Yee Jiun Song, Meta’s vice president of engineering, told CNBC that it will be manufactured by designing a custom chip. taiwan semiconductorthe social media giant can drive up the price per performance across its data center fleet, rather than relying solely on vendors.
“This also increases the diversity of silicon supply and provides some immunity from price fluctuations,” Song said. “This is something with a little more leverage.”
The first new chip, the MTIA 300, was introduced a few weeks ago and is intended to help train small AI models that power Meta’s core ranking and recommendation tasks, Song said. These types of tasks include showing people relevant content and online ads within the company’s family of apps, including Facebook and Instagram.
Upcoming chips (MTIA 400, MTIA 450, MTIA 500) are aimed at more cutting-edge generative AI-related inference tasks, such as creating images and videos based on prompts written by people. Song said the chip will not be used to train huge, large-scale language models.

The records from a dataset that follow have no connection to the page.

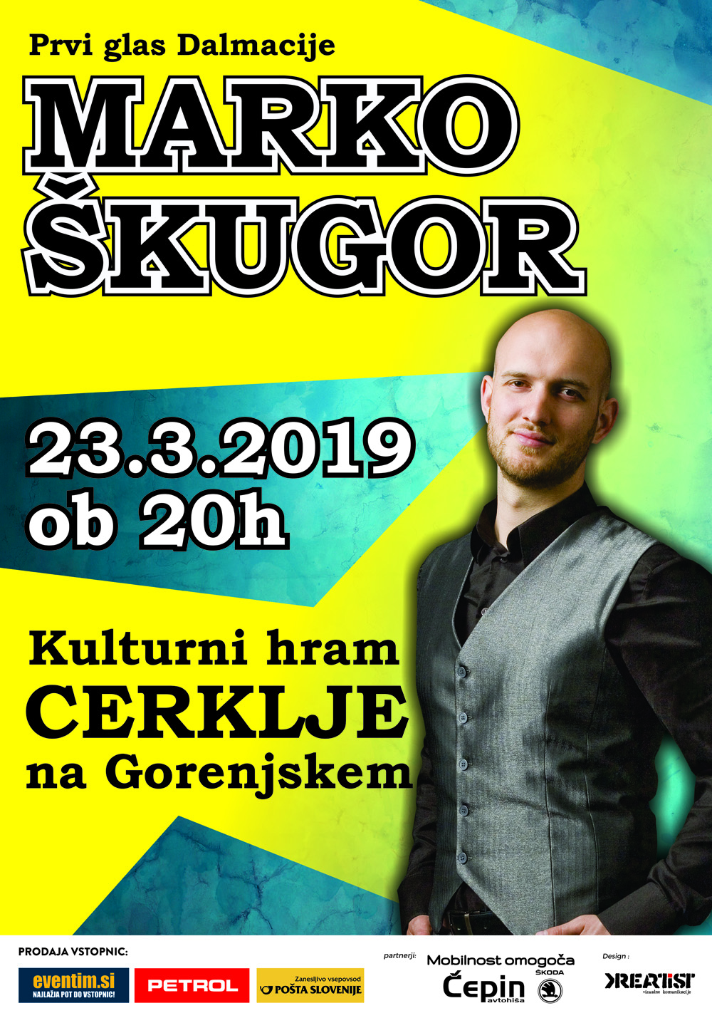 Vabljeni na Koncert Marka Škugorja, ki bo v soboto, 23. marca 2019 ob 20. uri v Kulturnem hramu Ignacija Borštnika Cerklje. Hrvaški tenorist Marko Škugor, kljub rosnim 29 letom, beleži številne uspehe in nagrade. Za največji uspeh si šteje zmago na Splitskem festivalu leta 2017, kjer je s pesmijo Ka’dica osvojil »grand prix«.
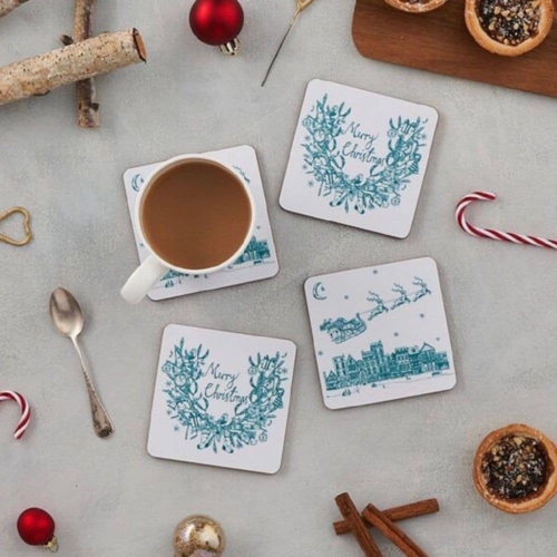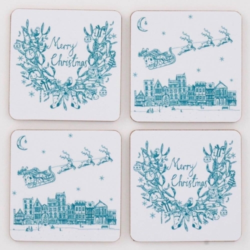 Handmade in Britain. Printed onto eucalyptus board with a matt laminate finish and cork back.Dimensions: 98 x 98mm / 3.85″ x 3.85″.Washing: Wipe clean with a damp cloth, do not immerse in water. Suitable for warm mugs only.Keywords: Night, Christmas, festive, merry, sleigh, santa, father christmas, wreath, city, snow, cup, mug, coffee, tea, living room
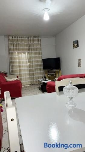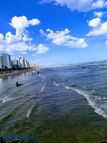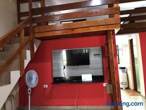 몽가과 내에 자리한 Apartamento no Centro de Mongaguá에서는 무료 Wi-Fi, 산 전망을 제공합니다. 숙소는 센트루 비치에서 단 5분 거리에 있습니다. 투숙객은 무료 전용 주차장을 이용할 수 있으며, 아파트의 주변 지역에서 하이킹, 낚시 등의 레저 활동을 즐길 수 있습니다. 이 아파트에는 침실 2개, 거실, 평면 TV 케이블 채널, 냉장고, 오븐 등을 갖춘 주방, 샤워 시설 등을 구비한 욕실 1개가 마련되어 있습니다 .
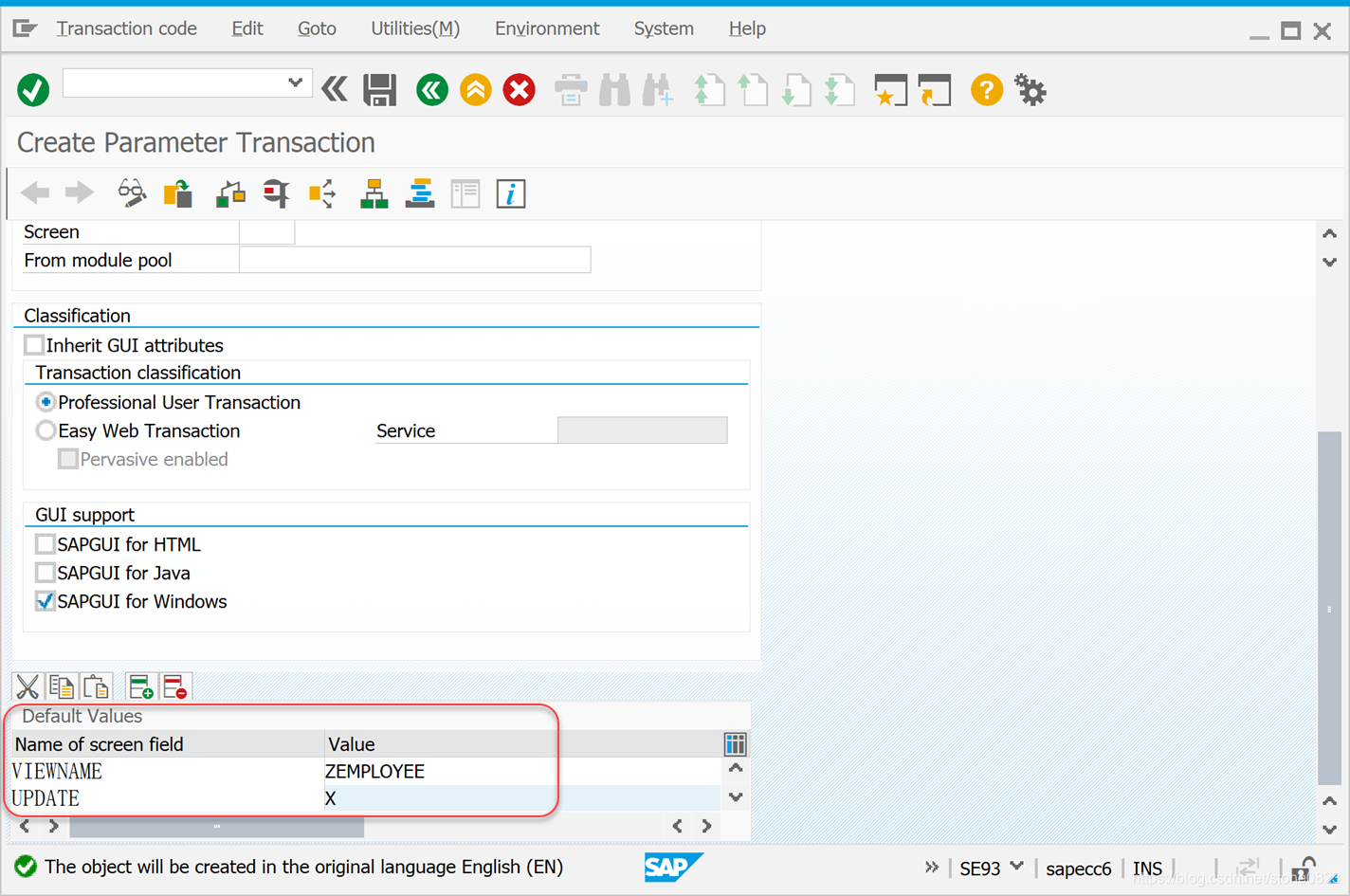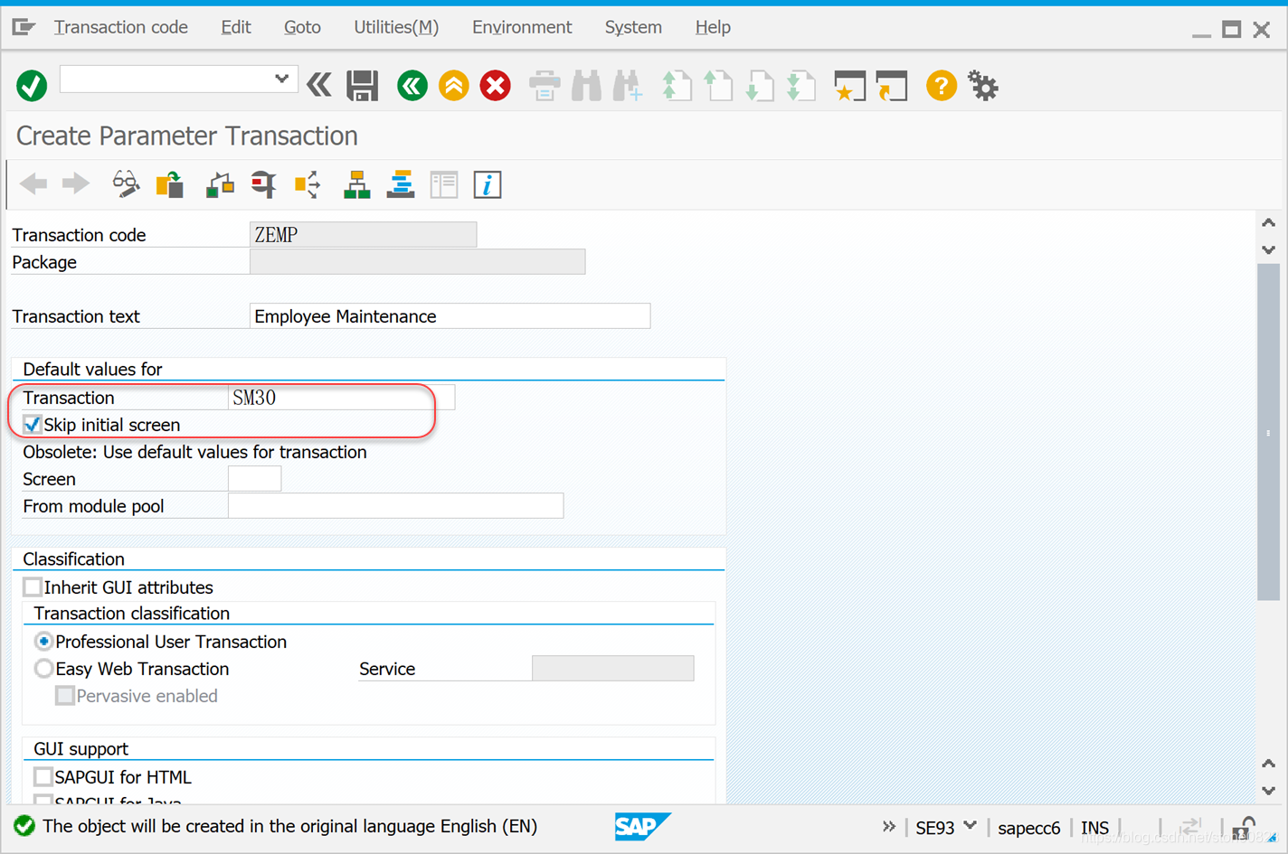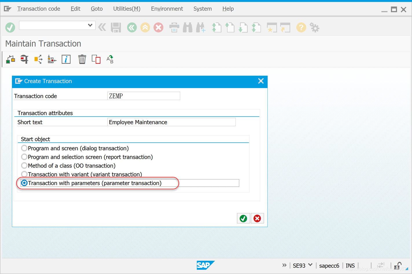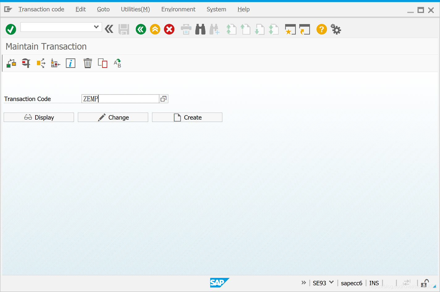 使用事务码 SE93 进入界面,在 Transaction Code 字段输入 ZEMP,点击创建按钮。
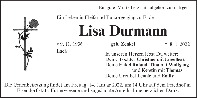 Hier finden Sie alle Traueranzeigen aus der Zeitung, die bisher für Lisa Durmann erschienen sind. Weitere Traueranzeigen, die in der Zeitung erscheinen, werden hier ebenfalls aufgelistet
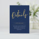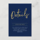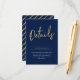 Añada información detallada en esta tarjeta de gabinete sencilla y elegante. Este diseño presenta un guión de pincel de moda con un diseño limpio con una combinación de color azul marino y oro. En mi tienda BaraBomDesign hay disponibles una invitación y suministros de fiesta coincidentes.
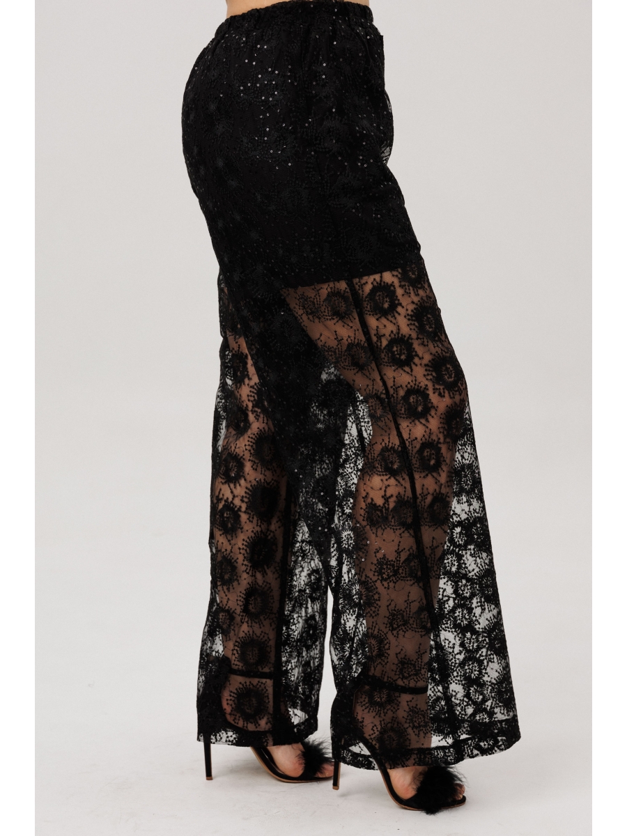 Волнующий шёпот гипюра и танец мерцающих пайеток. Эти брюки «звездная паутинка» не просто деталь образа, а его поэтичное завершение, где дерзость встречается с изящностью.

One Meta data center rack is equipped with 72 of Meta’s in-house MTIA 400 chips, which are optimized to accelerate AI inference. MTIA 400 has completed its testing phase and will be deployed to Meta Data Centers soon.
Provided by: Meta
Meta said in a blog post that it has finished testing the MTIA 400 and is “proceeding toward deployment in data centers,” while the other two chips are expected to be operational in 2027.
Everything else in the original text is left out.